_Problem description_
Up to and including the line that contains "APPROX 22K LADIES", write out every line of the entries exactly, beginning with the first. Omit the pictures.

(Beginning of Data under study)

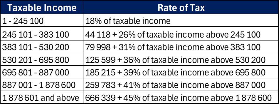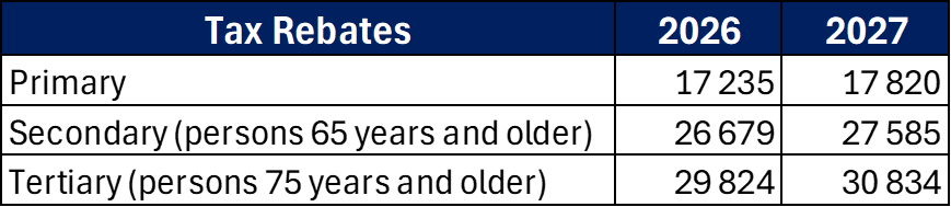 Personal income tax brackets and rebates are fully adjusted in line with inflation — protecting your take-home pay (below are the latest tables).
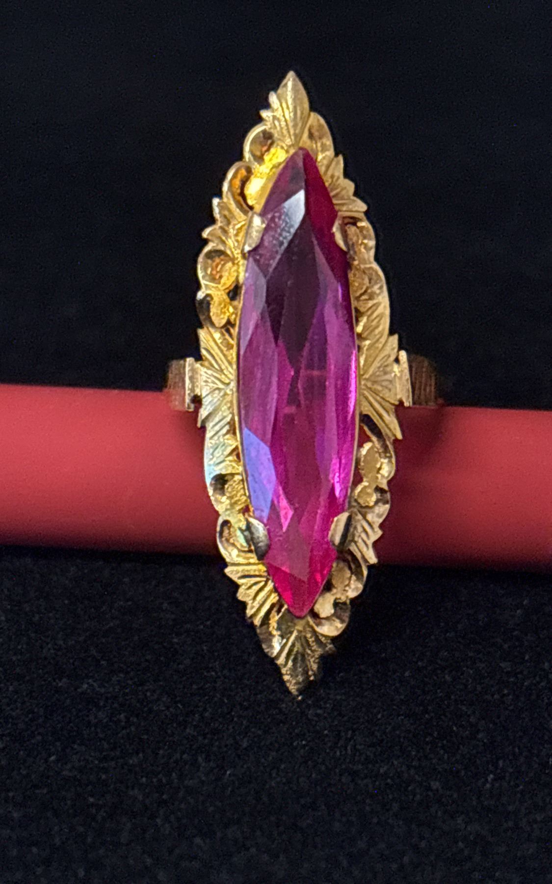 APPROX 22K LADIES RING SET WITH RED STONE (4.3G)
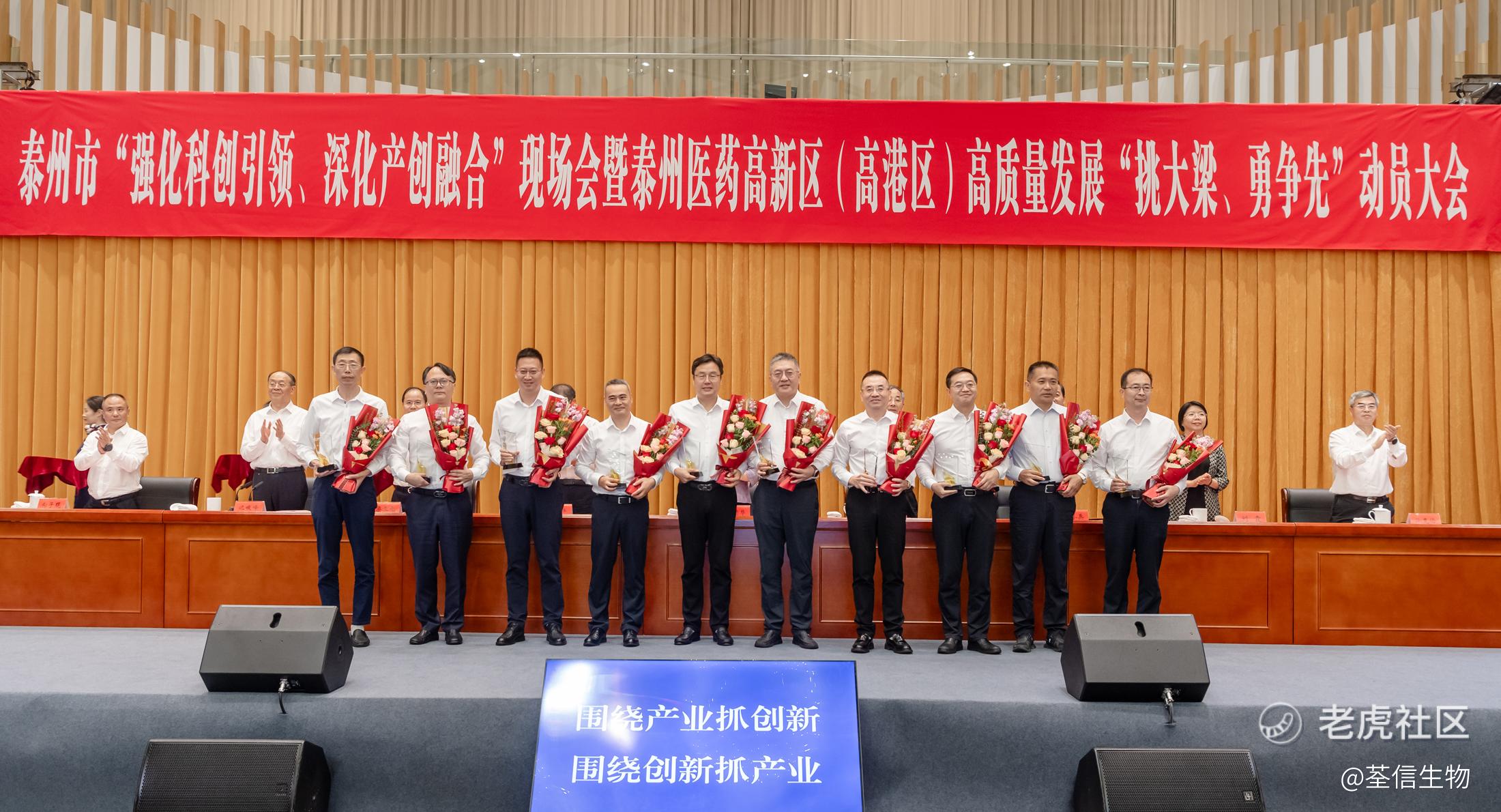 7月1日,泰州市“強化科創引領、深化產創融合”現場會暨醫藥高新區(高港區)高質量發展“挑大樑、勇爭先”動員大會隆重召開。大會公佈並表彰了泰州醫藥高新區15週年“十大創新之星”、“十大創業人物”。荃信生物創始人、董事長兼總經理裘霽宛先生憑藉其在生物醫藥行業的持續深耕探索及卓越的創業履歷,榮膺泰州醫藥高新區“十大創業人物”。
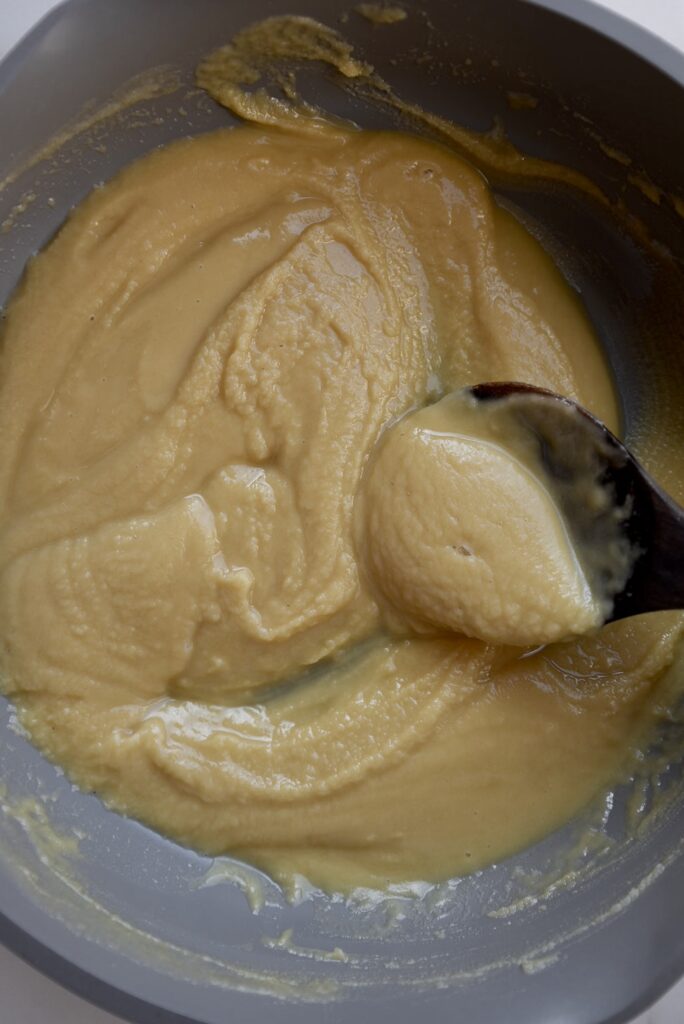 1. In a pan over medium heat, melt the butter completely. Add the flour and stir continuously until fully combined.
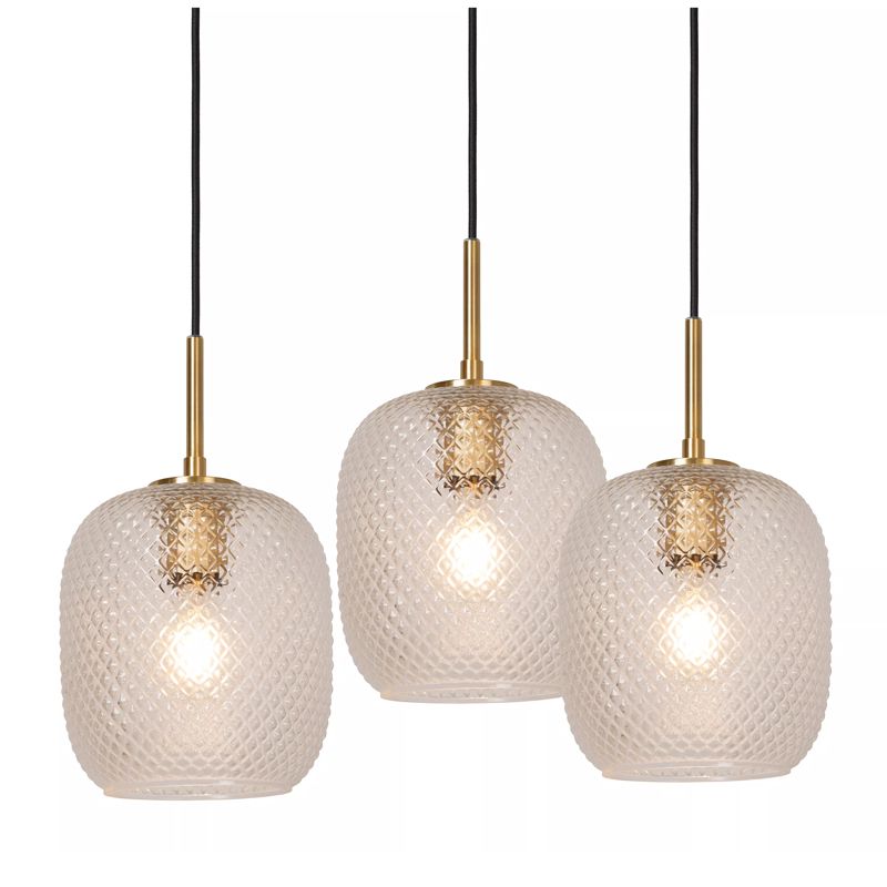 De gouden hanglamp Alicent heeft de stijl retro en is gemaakt van glas. Deze retro hanglamp heeft 3 E27 fittingen en wordt exclusief 3 bijpassende lichtbronnen geleverd. In de lamp kunnen lichtbronnen met een maximaal vermogen van 40 watt.
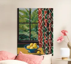 Ein sanftes und heiteres Stillleben einer Schale mit Zitronen auf einer gemusterten Oberfläche, mit fließenden grünen Blättern im Hintergrund, das in einer sanften, pastellartigen Palette wiedergegeben ist.
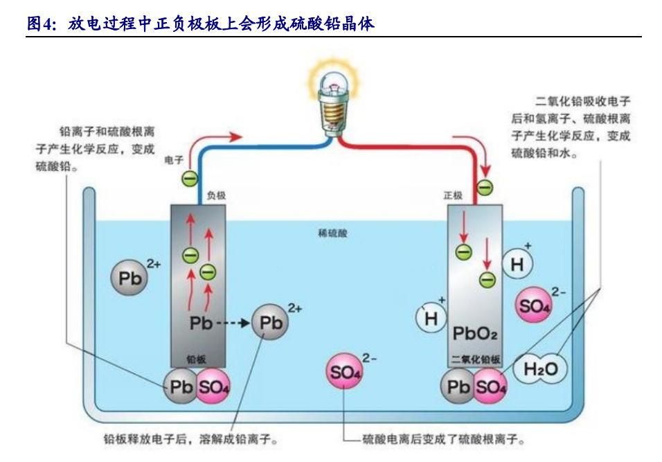 鉛酸電池包含正極板組、負(fù)極板組、隔板、電解液、容器等結(jié)構(gòu)組成。正極板 活性物質(zhì)為二氧化鉛,負(fù)極板主要活性物質(zhì)為鉛。放電過程中正負(fù)極板上會(huì)形成細(xì) 小松軟的硫酸鉛晶體,充電過程中硫酸鉛歧化為鉛與二氧化鉛。
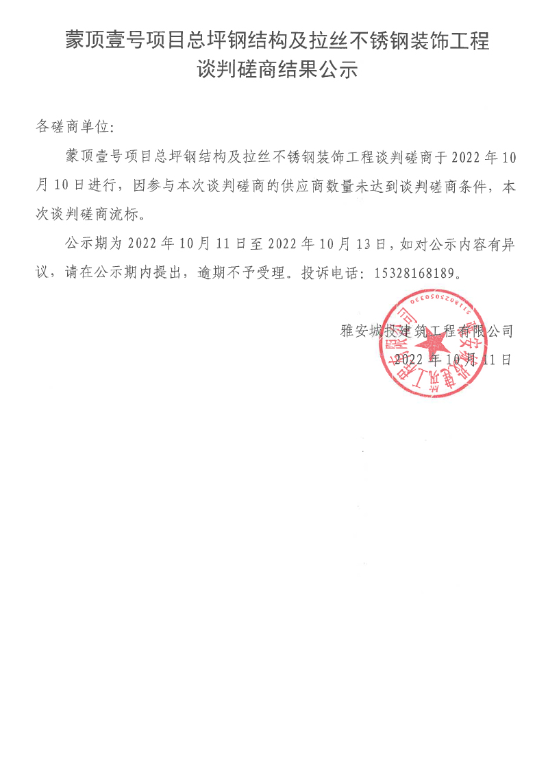 蒙頂壹號項目總坪鋼結(jié)構(gòu)及拉絲不銹鋼裝飾工程談判磋商結(jié)果公示
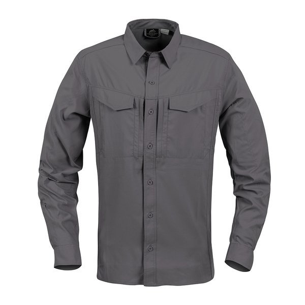 Helikon-Tex® Defender Mk2 Tropical Shirt® - це варіант з полегшеною конструкцією, призначеною для високих температур. Крій базується на повній застібці на ґудзиках та комірі, який стабілізує положення на шиї. На грудях розташовані чотири кишені зі змінним доступом: дві накладні кишені з клапанами на липучках та дві плоскі кишені типу "наполеон" на блискавці, заховані у вертикальних розрізах.
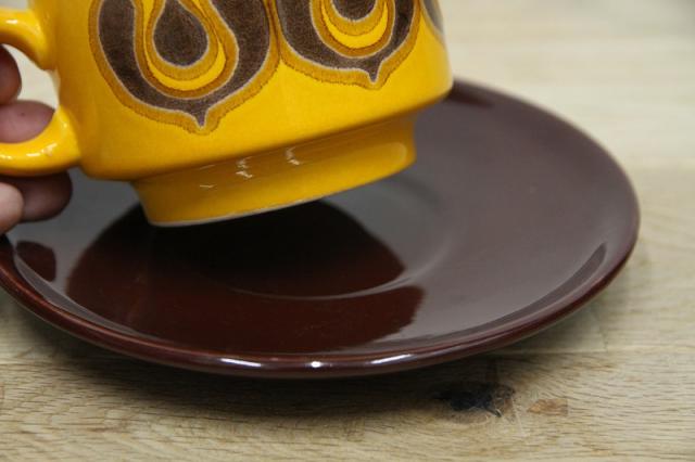 1970年代Waechtersbach社製のカップ&ソーサー。Waechtersbachは1832年創業、食器市場で国際的に知られているドイツのメーカーです。レトロポップな色使いとぽってりとした質感は類を見ないような独特な存在感あるデザインです。
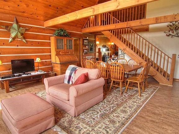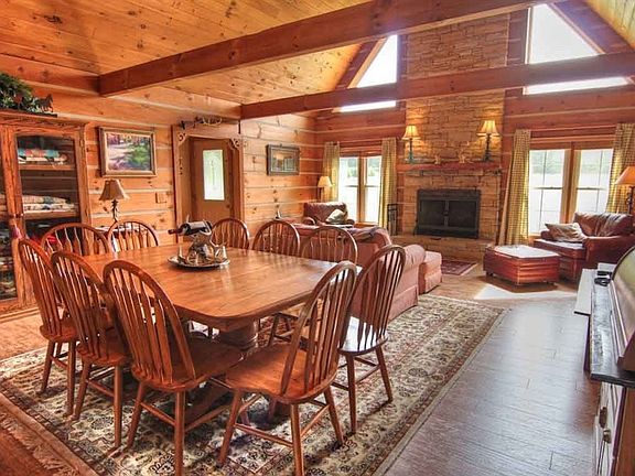 Custom log cabin on gorgeous 12 acres. Home features remodeled kit. w/ SS appl's & hard surface countertops. 5 stall horse barn, beautiful vaulted ceilings w/ beams. New flooring in kit., LR, & MBR. Freshly stained exterior & fully fenced yard.
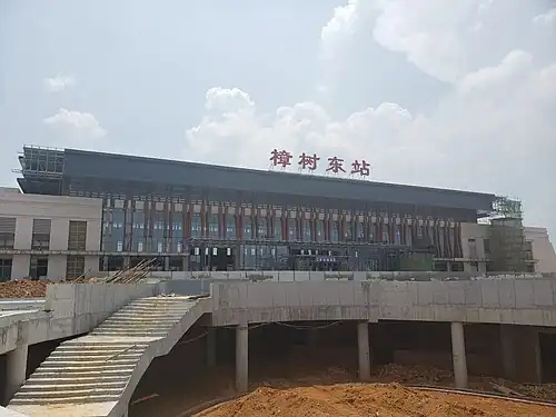 Zhangshu East railway station (Chinese: 樟树东站; pinyin: Zhāngshù Dōng zhàn) is a railway station in Zhangshu, Yichun, Jiangxi, China. It is an intermediate stop on both the Beijing–Kowloon railway and the Nanchang–Ganzhou high-speed railway.[1] It was opened in 1996.[2] On 26 December 2019, high-speed services began calling at the station.[3]
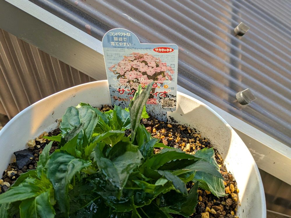 中をすぐに開けたら、3ポットが入っていた。よく見ると、サンパティオ「フラッシュピンク」が、水切れのようで、葉っぱがしわしわになっていた。
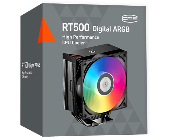 Кулер PcCooler RT500 Digital ARGB BK (240W, 4-pin PWM, LED temp., 152mm, Al/Cu, 5x6mm, 1x120mm, 73.32CFM, 34.9dBA, 2200RPM)
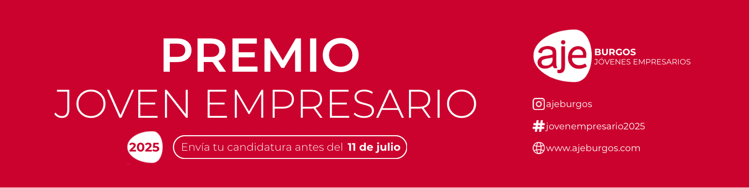 La Asociación de Jóvenes Empresarios de Burgos (AJE Burgos), junto a nuestro socio la Fundación Caja de Burgos, el Ayuntamiento de Burgos y la Diputación Provincial de Burgos, lanza nueva convocatoria de este premio que pretende apoyar y visibilizar el talento de los emprendedores burgaleses. ¿Quién puede presentarse? Emprendedores y autónomos menores de 41…
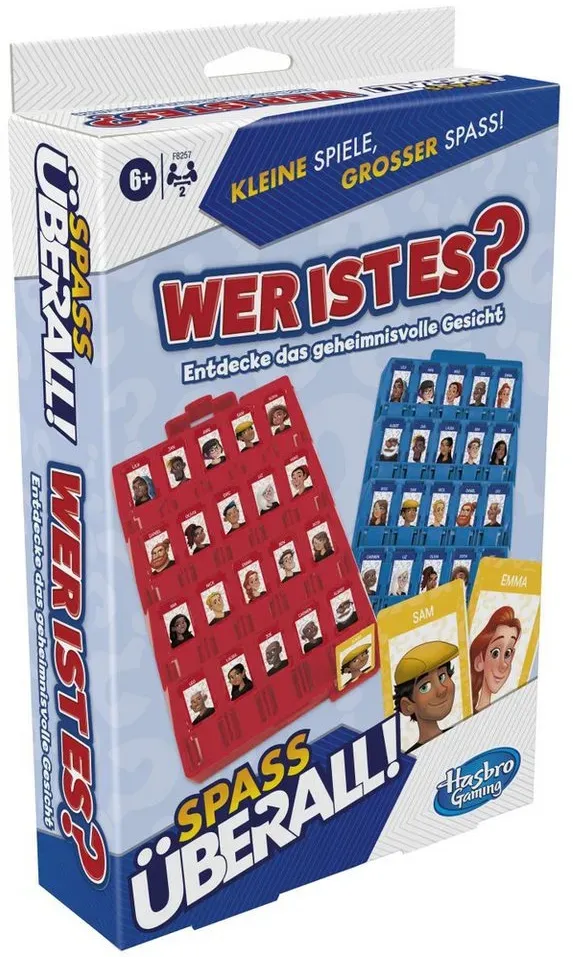 Zustand: Neu - Reise- & Kompaktspiele - Hasbro Gaming - F8257GC1 - EAN: 5010996164568 - KOMPAKTE VERSION VON WER IST ES: Das klassische Spiel im kompakten Format! Hier kommt das beliebte Wer ist es? in einer kleineren Größe für unterwegs. Geeignet für Kinder ab n und perfekt für Reisen oder Pausen zwischendurch EIN TOLLES SPIEL FÜR UNTERWEGS: Das einfach aufzubauende Strategiespiel Wer ist es? Kompakt für 2 Spieler ist eine abwechslungsreiche Freizeitbeschäftigung auf langen Autofahrten, im Flugzeug, im Zug, beim Camping und auf Reisen EINFACHE AUFBEWAHRUNG: Alle Spielsteine lassen sich bequem in der Spielbox verstauen, sodass das Spiel überallhin mitgenommen werden kann und Spieleabende mit der Familie fast überall stattfinden kann GROSSER RATESPASS: Wie in der klassischen Größe des Spiels Wer ist es? versuchen die Spieler, die mysteriöse Person des Gegners zu erraten. Durch clevere Fragen gilt es, das Rätsel zu lösen und das geheime Gesicht aufzudecken HERAUSFORDERUNG FÜR ALT UND JUNG: Wer ist es ist ein Spiel, das einfach immer Spaß macht und vielen unterschiedlichen Personen gespielt werden kann - ohne dass Langweile aufkommt KOMPAKTES REISESPIEL: Dieses abwechslungsreiche Familienspiel für unterwegs ist ein tolles Geschenk für Brettspielfans, Familien und Kinder. Eignet sich auch als kleines Geschenk und für die Sommerparty - bei Amazon.de Ein sehr preiswertes Angebot für die Kompaktversion, ideal für Reisen und schnellen SpielspaÃ?. ![]() ![]() Hasbro F8257GC0 - Wer ist es? Kompakt

(End of Data under study)

_Answer box_
 Personal income tax brackets and rebates are fully adjusted in line with inflation — protecting your take-home pay (below are the latest tables).
 APPROX 22K LADIES RING SET WITH RED STONE (4.3G)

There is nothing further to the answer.